## YOUR TASK
Transcribe exactly, and without pictures, the lines from the one that contains "Кератиновый шампунь увлажнение" through the last line of the material.

## DATASET EXTRACT
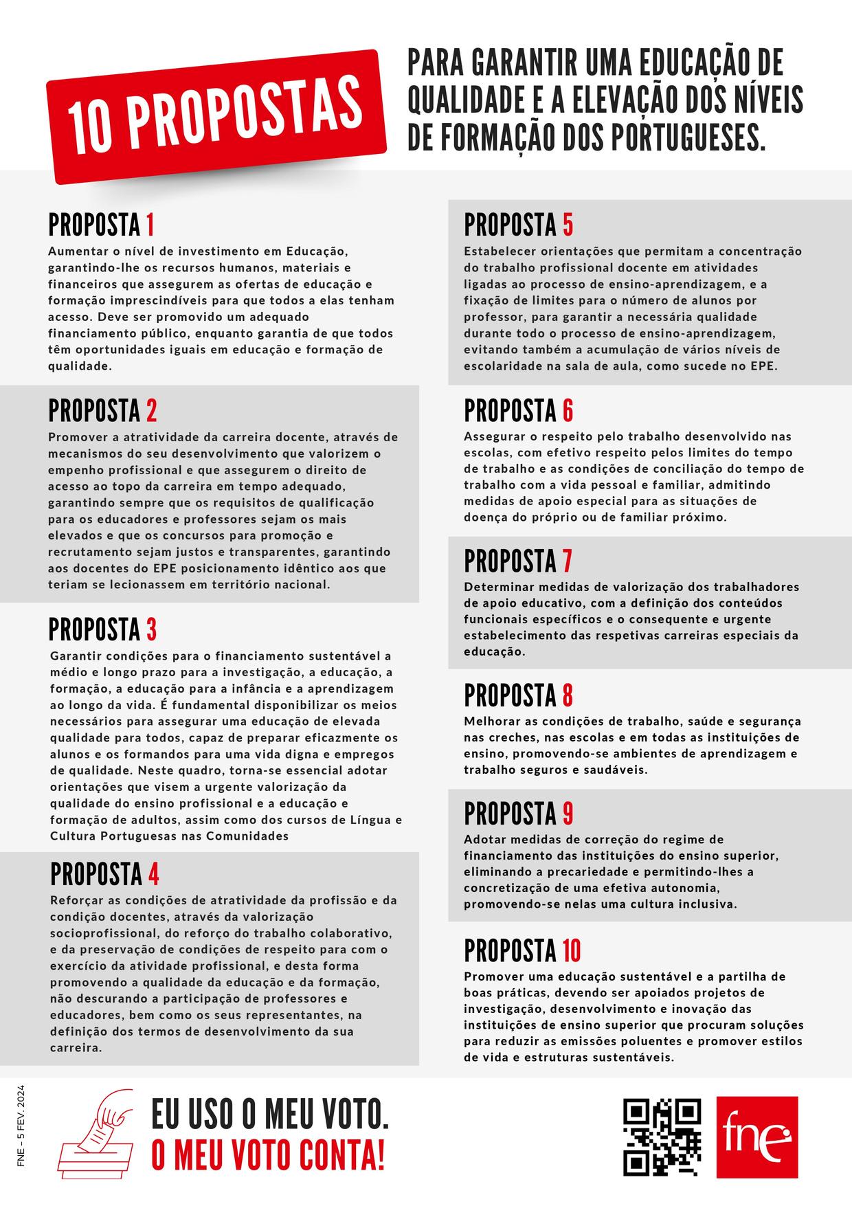 Estamos a trabalhar no roteiro para a legislatura, que apresentaremos oportunamente ao governo que sair das eleições de 10 de março de 2024 Até ao dia 16 de fevereiro, todos os professores, comunidade educativa e outros interessados tiveram a oportunidade de contribuir para a construção deste roteiro, dando a sua opinião, o seu contributo, através do site oficial da FNE, www.fne.pt . Queremos uma educação de qualidade, entendida como um direito humano, uma educação inclusiva que promova a equidade, quer na escola, quer na sociedade Queremos um estatuto social valorizado para todos os docentes e carreiras reconhecidas, dignificadas e valorizadas para todos os trabalhadores da Educação
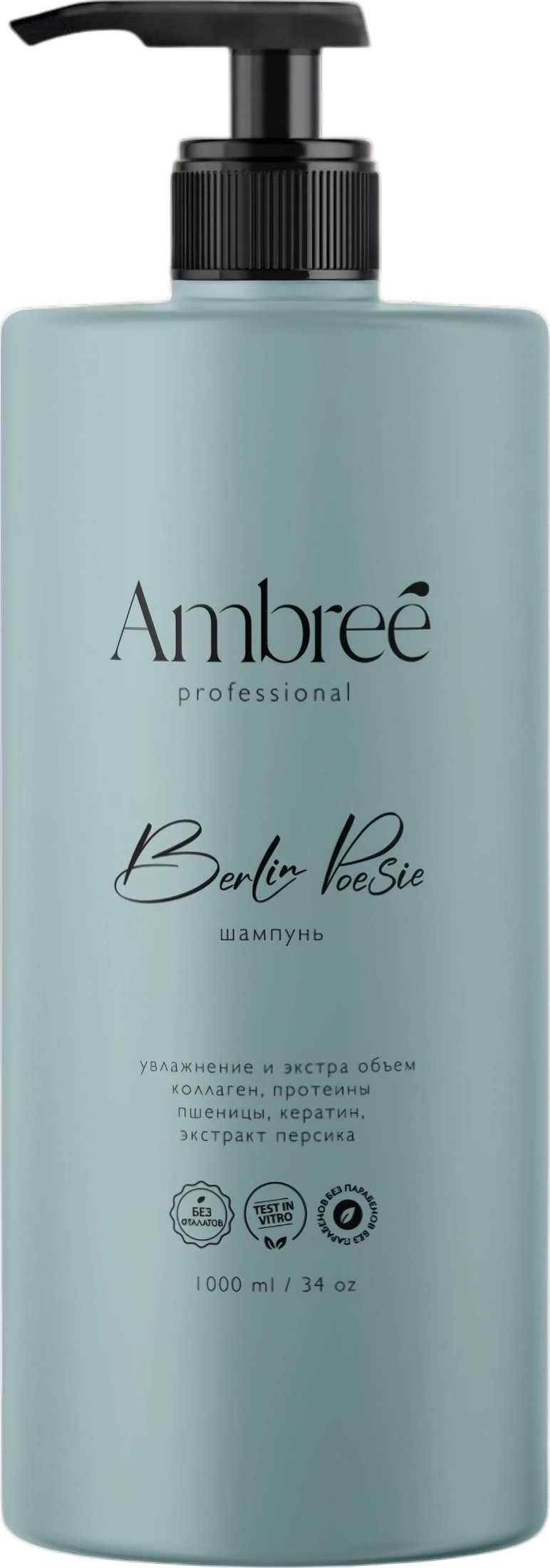 Кератиновый шампунь увлажнение и экстра объем Berlin poesie 1л арт. 120311
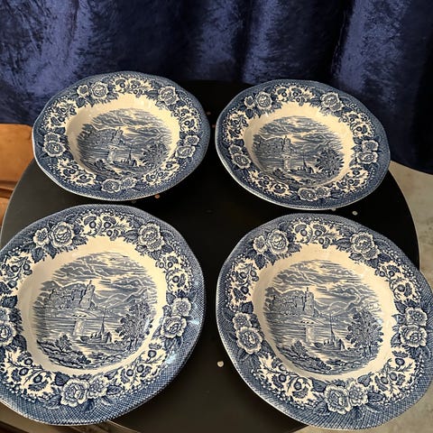 Seks keramiske tallerkener fra Enoch Wedgwood (Tunstall) Ltd, model Asiatic Pheasants, i antik stil med blomsterdekoration, fremstillet i Storbritannien, ca. 28 cm brede, i god brugt stand med mindre alderssigner, dateret 1980–1990. Klik på den blå "gå til varen" knap, for at købe eller byde på denne vare. Den samlede pris vil blive vist inden du afgiver dit bud.

## SOLUTION TO THIS PROBLEM
 Кератиновый шампунь увлажнение и экстра объем Berlin poesie 1л арт. 120311
 Seks keramiske tallerkener fra Enoch Wedgwood (Tunstall) Ltd, model Asiatic Pheasants, i antik stil med blomsterdekoration, fremstillet i Storbritannien, ca. 28 cm brede, i god brugt stand med mindre alderssigner, dateret 1980–1990. Klik på den blå "gå til varen" knap, for at købe eller byde på denne vare. Den samlede pris vil blive vist inden du afgiver dit bud.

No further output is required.